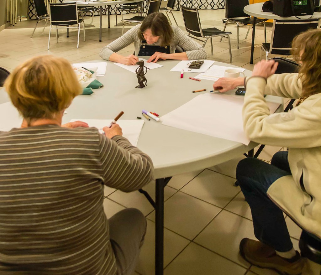 Step 4: Remove cover, set timer for 4 minutes & draw subject from observation. This started to feel good because we’d seen, remembered (sort of!) and seen again. People focused.
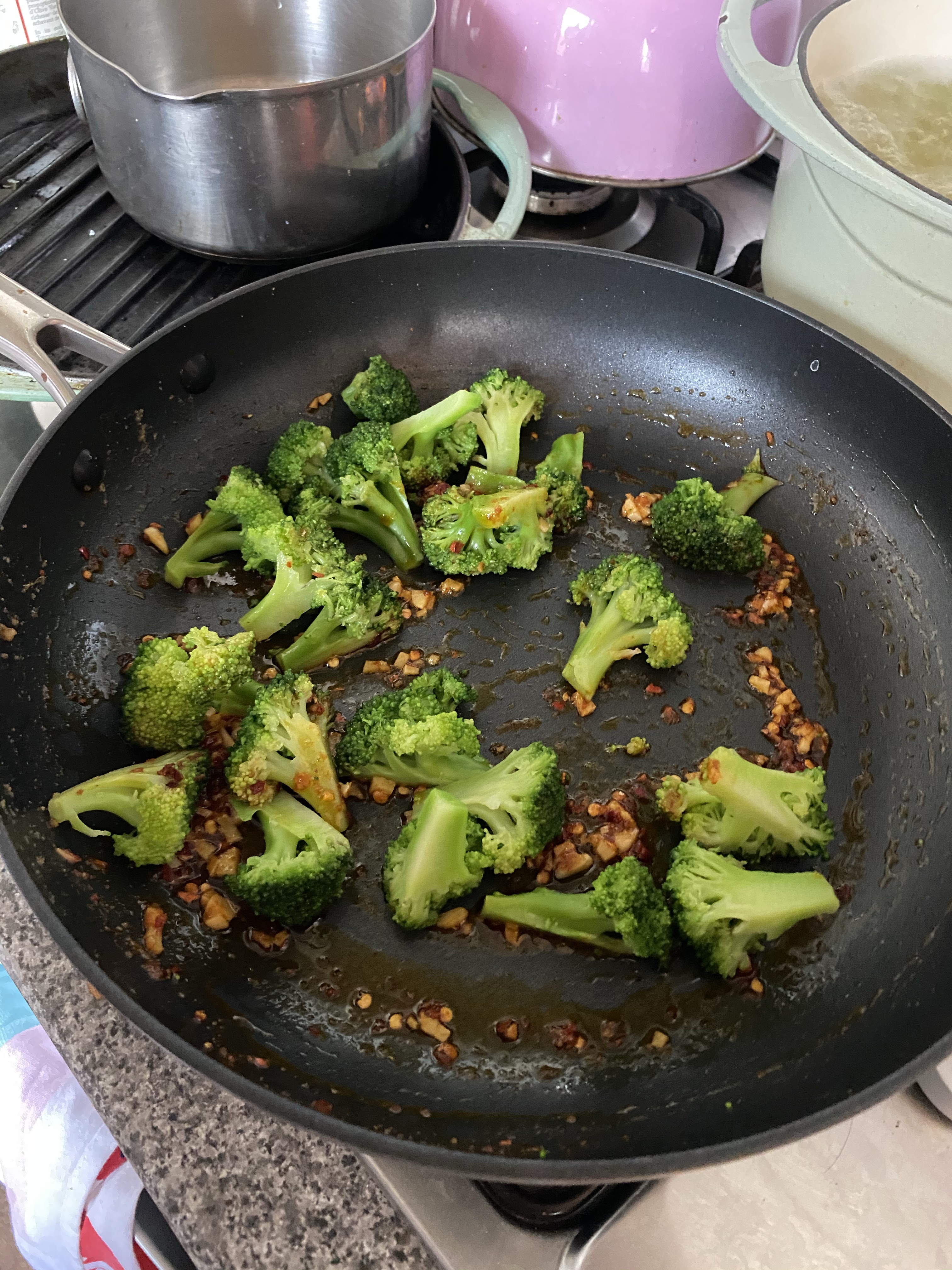 In a pan you add more olive oil, garlic and the chilli. Once the broccoli is tender you need to remove it from the water (which should stay on boiling for the pasta – which should be added now). Quickly run the broccoli under some cold water so it stays bright green and add it to the chilli pan.
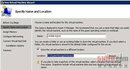 我這里將虛擬機(jī)名字命名為vWS08-SQL01,VM 存放位置選擇了C:ClusterStorageVolume1,VM 配置文件也創(chuàng)建在共享存儲(chǔ)上。
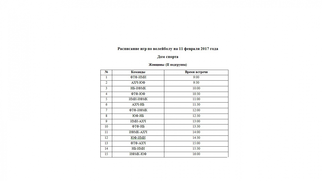 Уважаемые сотрудники! Игры по волейболу состоятся в спорт залах №1 и Доме спорта.
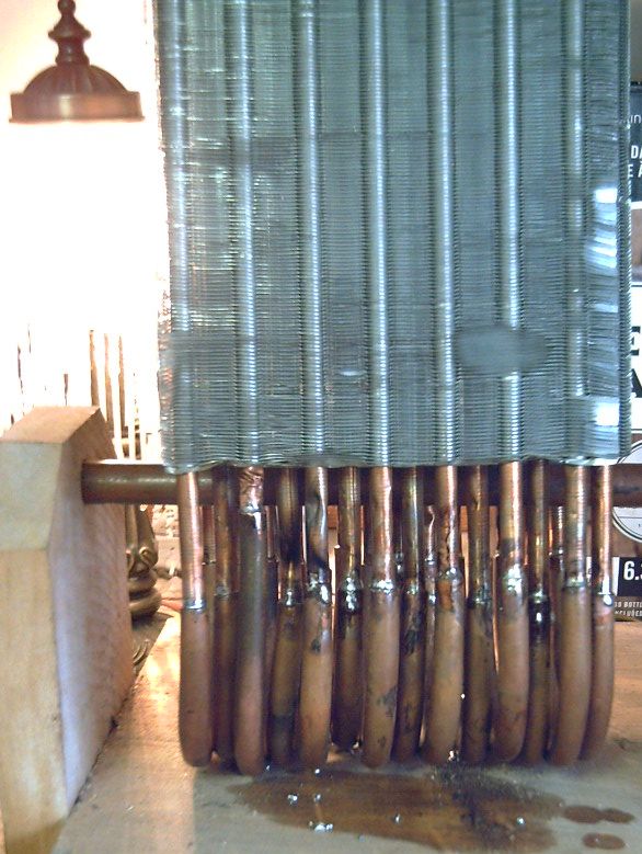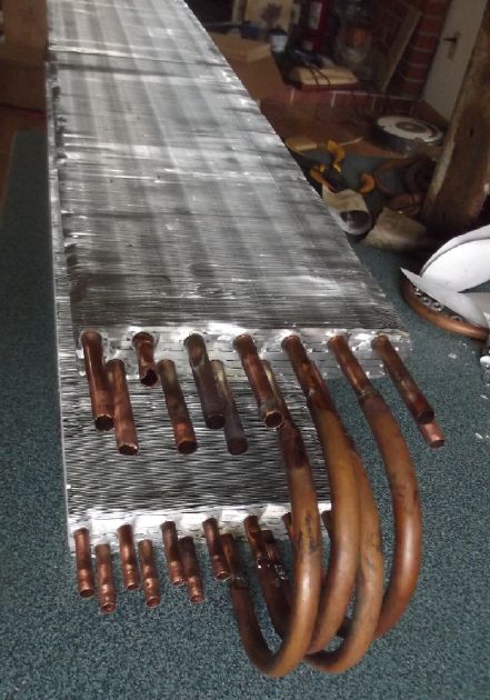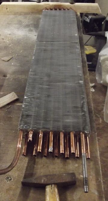 The project continues at a snail's pace. This month I soldered on the pipes to join the two sections of heat exchangers, using my smallest propane torch.
---*---
» WORK REQUIRED:
Exclude images and repeat all entries exactly.

» REPLY TO THE TASK:
 Step 4: Remove cover, set timer for 4 minutes & draw subject from observation. This started to feel good because we’d seen, remembered (sort of!) and seen again. People focused.
 In a pan you add more olive oil, garlic and the chilli. Once the broccoli is tender you need to remove it from the water (which should stay on boiling for the pasta – which should be added now). Quickly run the broccoli under some cold water so it stays bright green and add it to the chilli pan.
 我這里將虛擬機(jī)名字命名為vWS08-SQL01,VM 存放位置選擇了C:ClusterStorageVolume1,VM 配置文件也創(chuàng)建在共享存儲(chǔ)上。
 Уважаемые сотрудники! Игры по волейболу состоятся в спорт залах №1 и Доме спорта.
 The project continues at a snail's pace. This month I soldered on the pipes to join the two sections of heat exchangers, using my smallest propane torch.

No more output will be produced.